1. Field of the Invention
The present invention relates to digital printing apparatus and methods, and more particularly to imaging of lithographic printing-plate constructions on- or off-press using digitally controlled laser output.
2. Description of the Related Art
In offset lithography, a printable image is present on a printing member as a pattern of ink-accepting (oleophilic) and ink-rejecting (oleophobic) surface areas. Once applied to these areas, ink can be efficiently transferred to a recording medium in the imagewise pattern with substantial fidelity. Dry printing systems utilize printing members whose ink-rejecting portions are sufficiently phobic to ink as to permit its direct application. Ink applied uniformly to the printing member is transferred to the recording medium only in the imagewise pattern. Typically, the printing member first makes contact with a compliant intermediate surface called a blanket cylinder which, in turn, applies the image to the paper or other recording medium. In typical sheet-fed press systems, the recording medium is pinned to an impression cylinder, which brings it into contact with the blanket cylinder.

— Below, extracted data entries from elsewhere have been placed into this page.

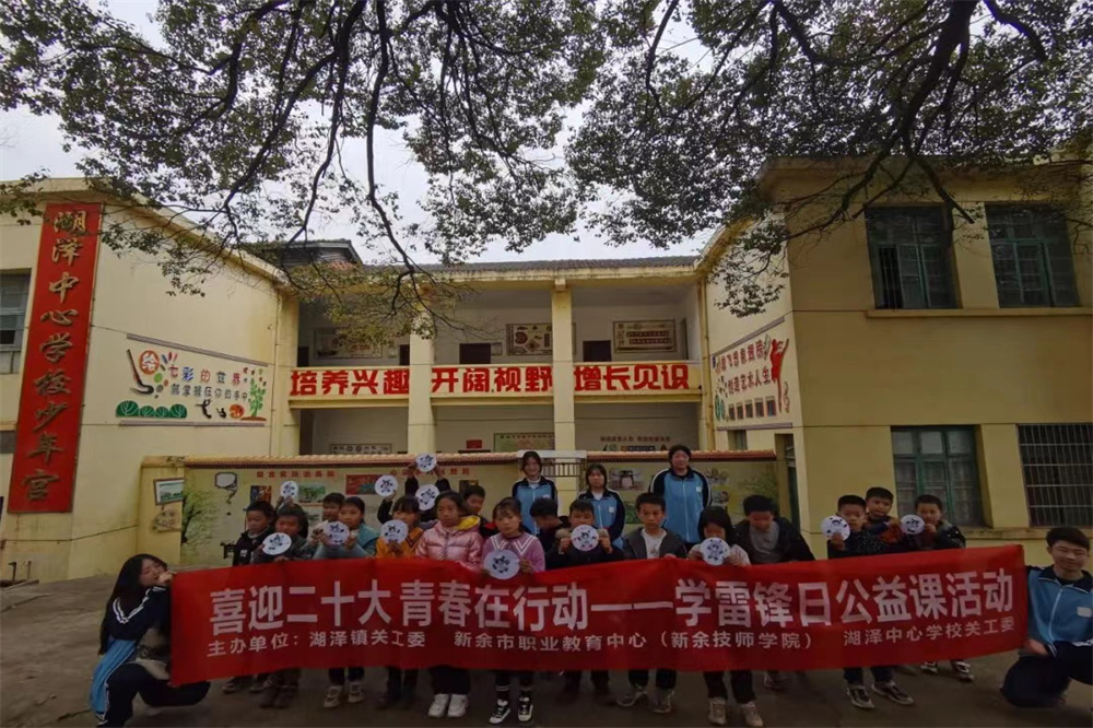 针对分宜县湖泽中心学校艺术类教师师资配备不足,农村留守儿童美育素质不高的问题,市职业教育中心团委与湖泽镇中心学校共建“党建+青团有为”社会实践基地。基地旨在发挥市职教中心幼儿教育、工艺美术专业青年教师、团员青年的专业优势,为学生提供奉献社会、展示技能的平台。每月第二周周五下午,由学生会担任主干的“青团有为帮教团”成员到湖泽中心学校给学生上音乐课、美术课、手工课等公益课程。寓教于乐的美育课程受到湖泽中心学校师生一致好评。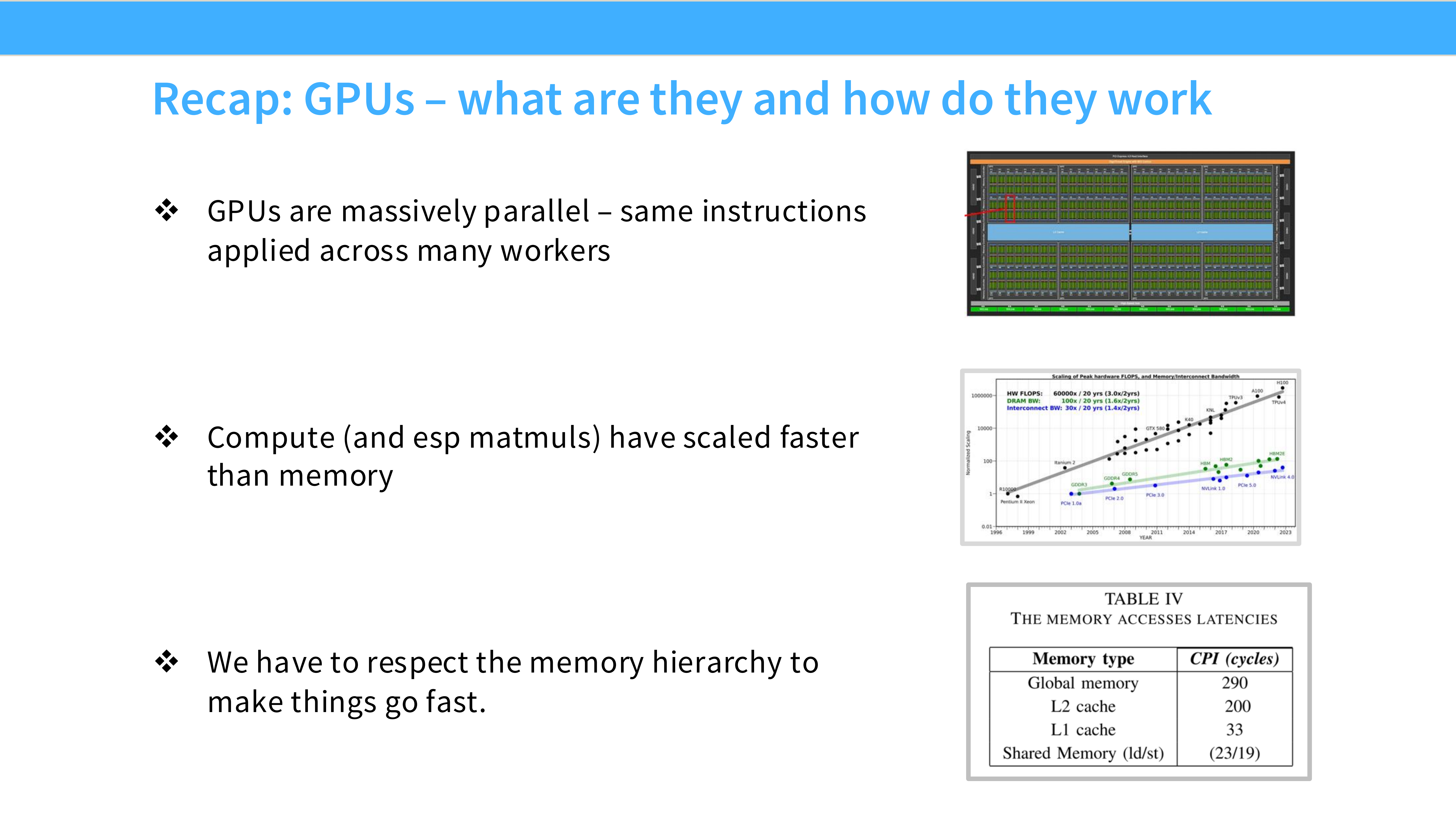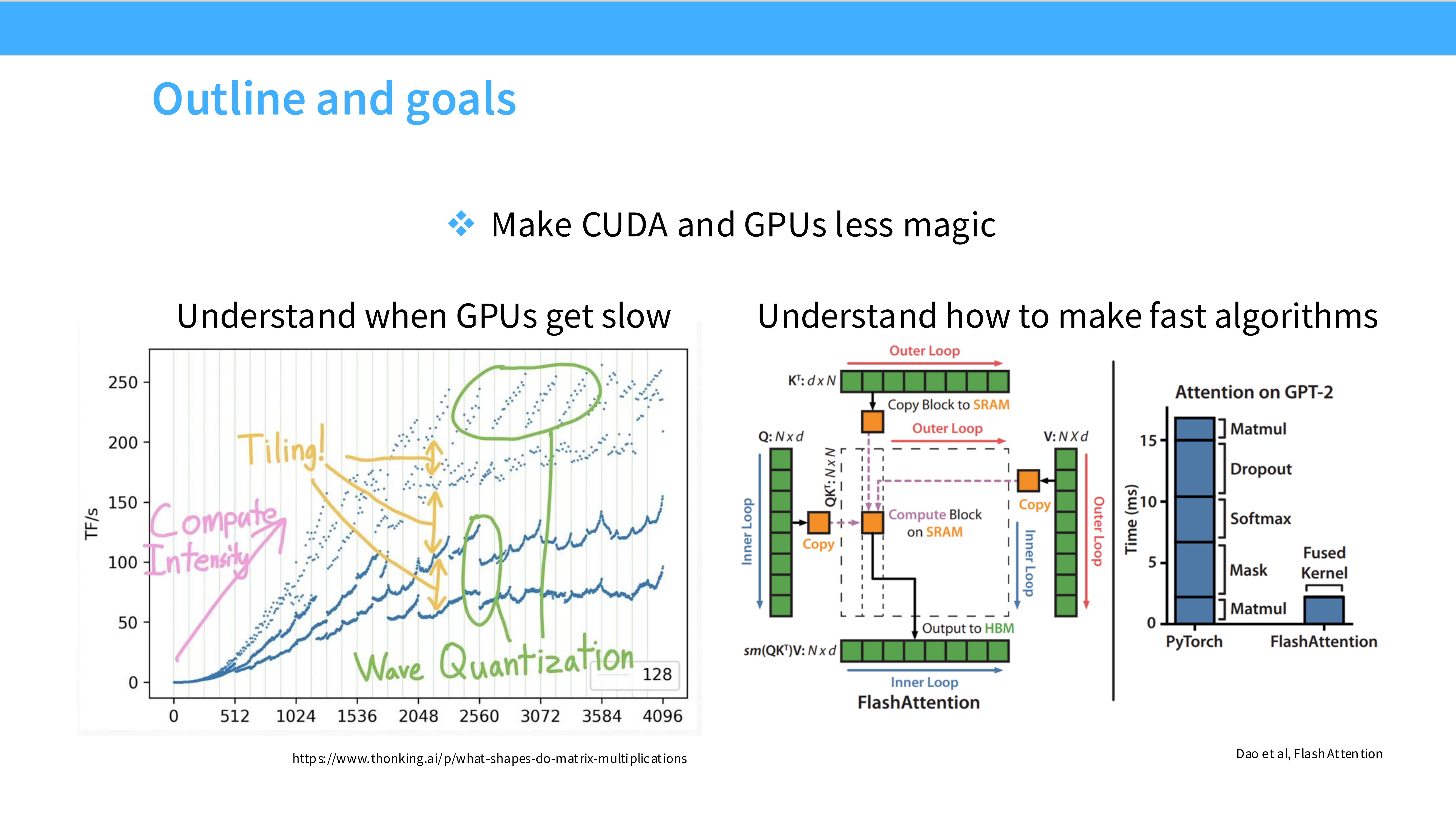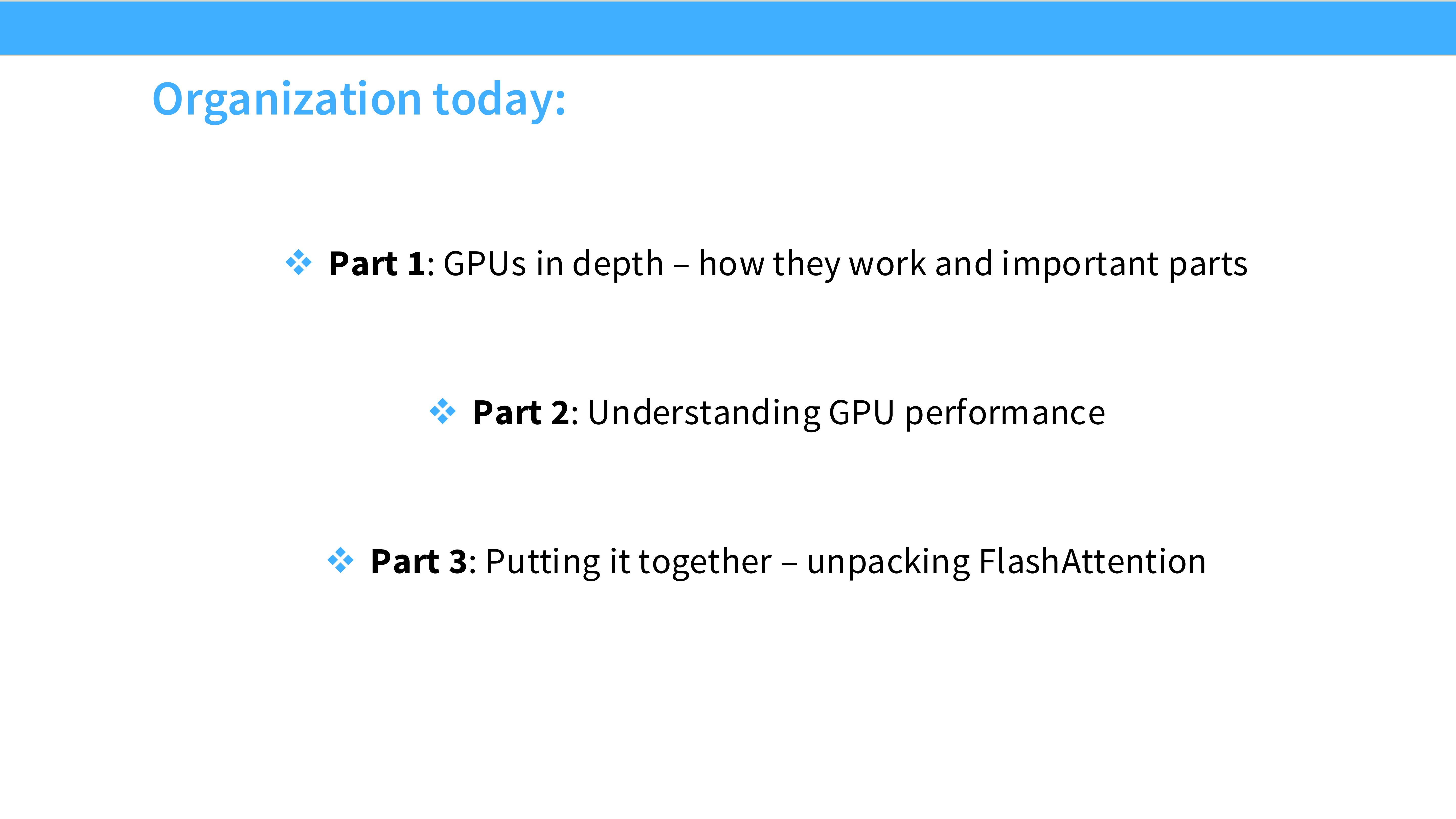 - Part 1: GPUs in depth —— 深入硬件底层,讲解 GPU 的工作原理、内存层级和核心组件。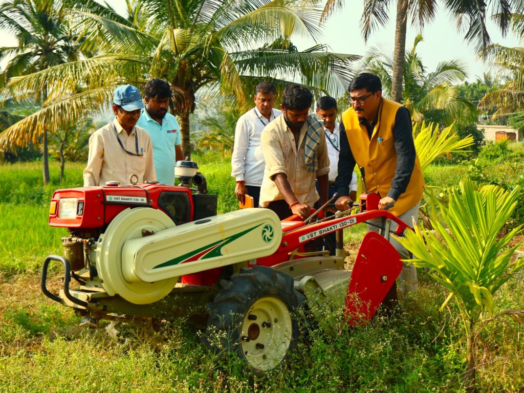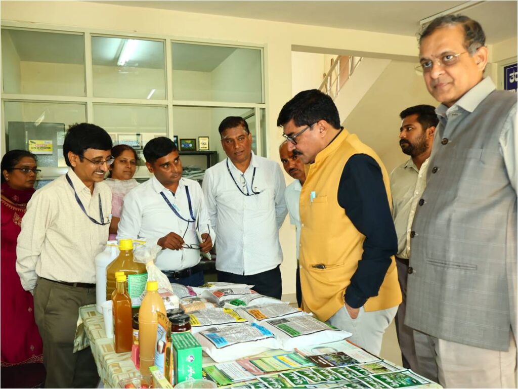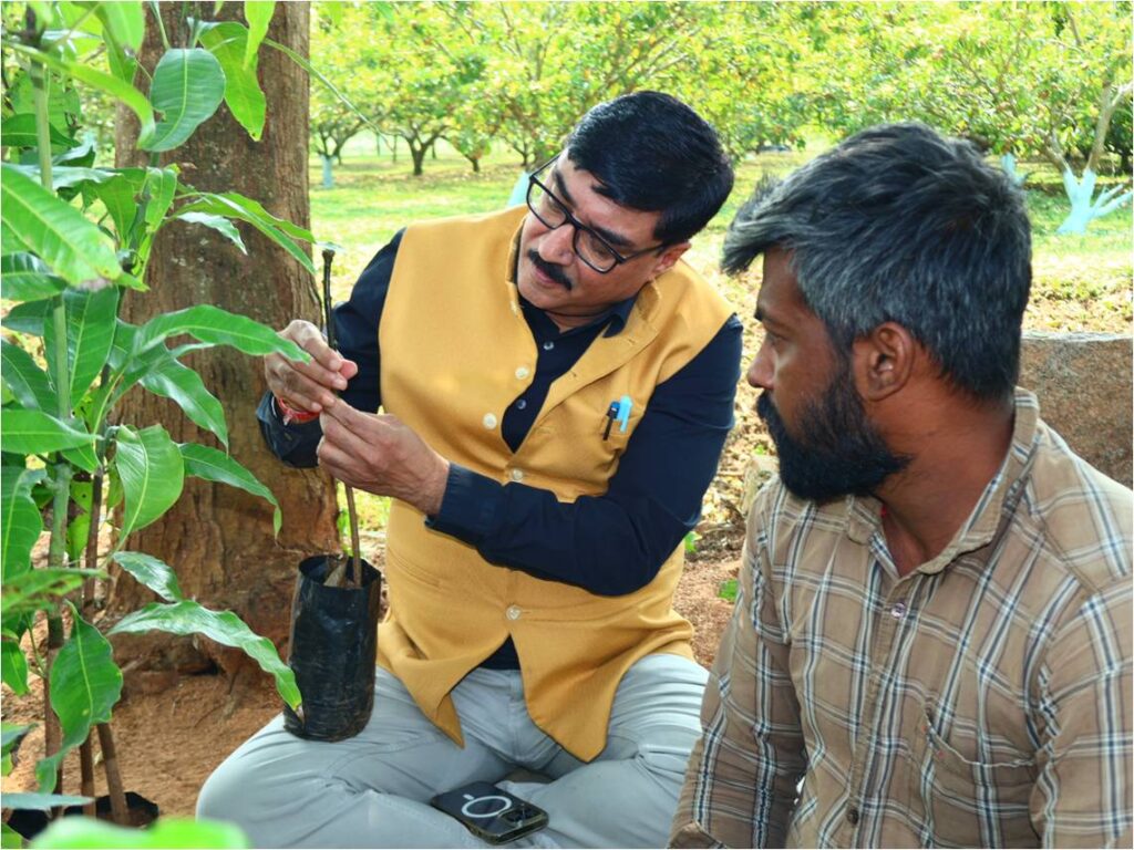 The dignitaries then proceeded to the KVK Instructional Farm, where they observed the nursery unit, fruit crop demonstration blocks, and the Jeevamrutha and Bio-digester production units. The DDG interacted with nursery grafting workers, skilled labourers, and field staff, appreciating their contributions to the farm’s productivity and outreach.

In a wet lithographic system, the non-image areas are hydrophilic, and the necessary ink-repellency is provided by an initial application of a dampening (or "fountain") solution to the plate prior to inking. The ink-abhesive fountain solution prevents ink from adhering to the non-image areas, but does not affect the oleophilic character of the image areas.
To circumvent the cumbersome photographic development, plate-mounting and plate-registration operations that typify traditional printing technologies, practitioners have developed electronic alternatives that store the imagewise pattern in digital form and impress the pattern directly onto the plate. Plate-imaging devices amenable to computer control include various forms of lasers. For example, U.S. Pat. Nos. 5,351,617 and 5,385,092 (the entire disclosures of which are hereby incorporated by reference) describe an ablative recording system that uses low-power laser discharges to remove, in an imagewise pattern, one or more layers of a lithographic printing blank, thereby creating a ready-to-ink printing member without the need for photographic development. In accordance with those systems, laser output is guided from the diode to the printing surface and focused onto that surface (or, desirably, onto the layer most susceptible to laser ablation, which will generally lie beneath the surface layer).
U.S. Ser. Nos. 08/700,287 and 08/756,267, the entire disclosures of which are hereby incorporated by reference, describe a variety of lithographic plate configurations for use with such imaging apparatus. In general, the plate constructions include an inorganic layer (i.e., a metal, combination of metals, or a metal/non-metal compound) situated on an organic polymeric layer. The inorganic layer ablates in response to imaging (e.g., infrared, or "IR") radiation. In one approach, the inorganic layer represents the topmost surface of the plate and accepts fountain solution, while the underlying polymeric layer accepts ink. In another approach, the inorganic layer serves only a radiation-absorption (rather than a lithographic) function, with the underlying layer accepting ink and an overlying layer either rejecting ink or accepting fountain solution. Ablation of the inorganic layer by an imaging pulse generally weakens the topmost layer as well, and this, combined with disruption of its anchorage (due to disappearance of the ablated inorganic layer), renders the topmost layer easily removable in a post-imaging cleaning step. With either of these two approaches, application of an imaging pulse to a point on the plate ultimately creates an image spot having an affinity for ink or an ink-abhesive fluid differing from that of unexposed areas, the pattern of such spots forming a lithographic plate image.
These types of plates can pose manufacturing challenges, as well as performance limitations, owing to the abrupt transition between an inorganic layer and an organic, polymeric layer. The divergent physical and chemical characteristics of such distinct layers can compromise their anchorage to one another--a critical performance requirement--as well as the durability of the inorganic layer. For example, because inorganic and organic materials typically have very different coefficients of thermal expansion and elastic moduli, even perfectly adhered inorganic layers may undergo failure (e.g., fracturing) due to temperature variations or the stress of plate manipulation and use. The different responses of two adjacent layers to an external condition can easily cause damage that would not occur in either layer by itself.
To improve interlayer anchorage, polymeric layers may be selected (or applied as intermediate coatings) based on chemical compatibility with inorganic material. A polymeric layer may also be pretreated (e.g., through plasma exposure) to modify the surface for greater interfacial compatibility with a subsequently applied inorganic layer. These approaches, however, have limited utility in addressing the effects of transition between fundamentally different materials.